How do small cryptocurrencies control spot prices and contract prices, thereby influencing funding rates?

This is one of the core tactics used by market manipulators in the crypto space, and it’s very worth understanding in depth.

Why are small-cap coins more easily manipulated?

Poor liquidity, small order books, small amounts of capital can significantly push prices up
Few retail investors, so manipulators often control large amounts of tokens
Both spot and futures markets have shallow depth

Manipulation breakdown

Method 1: Pump the spot → Drive up funding rates → Harvest longs
Market manipulators buy large amounts of spot tokens → Spot price rises
→ Futures follow the rally, longs rush in to chase
→ Futures price > Spot price (basis widens)
→ Funding rate turns positive and very high
→ Longs pay shorts continuously every 8 hours
→ The manipulator has already shorted futures at high levels
→ Collect funding fees + wait for a dump to profit

Method 2: Suppress the spot → Negative funding rate → Harvest shorts
Market manipulators dump spot tokens → Price drops
→ Retail investors panic and short, futures price < spot price
→ Funding rate turns negative
→ Shorts pay longs continuously
→ The manipulator holds spot longs + futures longs at low levels
→ Collect funding fees + wait for a rally to profit

Method 3: Create basis (the most sophisticated tactic)
Market manipulators can separately control the spot and futures markets:

Complete process of harvesting after funding rate is pushed high

① The manipulator establishes a long position in spot (accumulating at low levels)

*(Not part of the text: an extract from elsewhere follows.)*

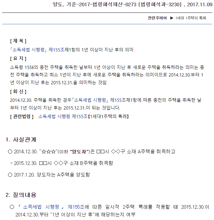 세법의 기간 계산은 별도의 언급이 없는 한, 민법에 따라 계산합니다. 민법에서는 초일불산입 원칙을 따르고 있습니다. 따라서 2014.12.30. 부터 1년이 지난 날은 2015.12.30.이 되는 것이고, 지난 후라 함은 그 다음날인 2015.12.31. 을 의미하기에 예규의 사례에서는 1년이 지난 후에 취득한 상황에 해당하지 않습니다.
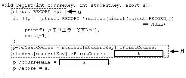 図3 データ構造例 (4) プログラム中で定義されているその他の関数の説明は次のとおりである。 void regist(int courseKey, int studentKey, short s);

② Small amounts of capital push up the spot price (small order book, low cost)

③ FOMO spreads, retail investors follow to long the futures

④ Futures premium widens, funding rate soars (0.3%~1%)

⑤ The manipulator shorts futures (hedging against spot)

⑥ Collects the longs’ funding payments

⑦ When the time is right, dumps the market, causing futures longs to liquidate

⑧ The manipulator profits from short positions + re-enters spot at low levels

How can retail investors recognize this kind of manipulation?

Warning signs:

Funding rate continuously exceeds 0.3% without major positive news
Futures open interest (OI) rapidly increases but spot volume remains small
Significant basis appears between spot and futures prices (over 1%~2%)
Exchange depth is thin, large orders can instantly move the price

Tools to analyze data:

Coinglass → Check funding rates + open interest changes

Exchange order book depth → Observe bid-ask thickness
Spot/futures price comparison → Watch for basis

Core conclusion
The funding rate of small-cap coins is essentially a tax designed by market manipulators. Retail investors opening longs in a high-fee environment are effectively paying protection fees to manipulators every 8 hours, while also risking liquidation from dumps.
When participating in small-cap futures, if the funding rate exceeds 0.1%, be highly cautious, as this often indicates the market is severely out of balance.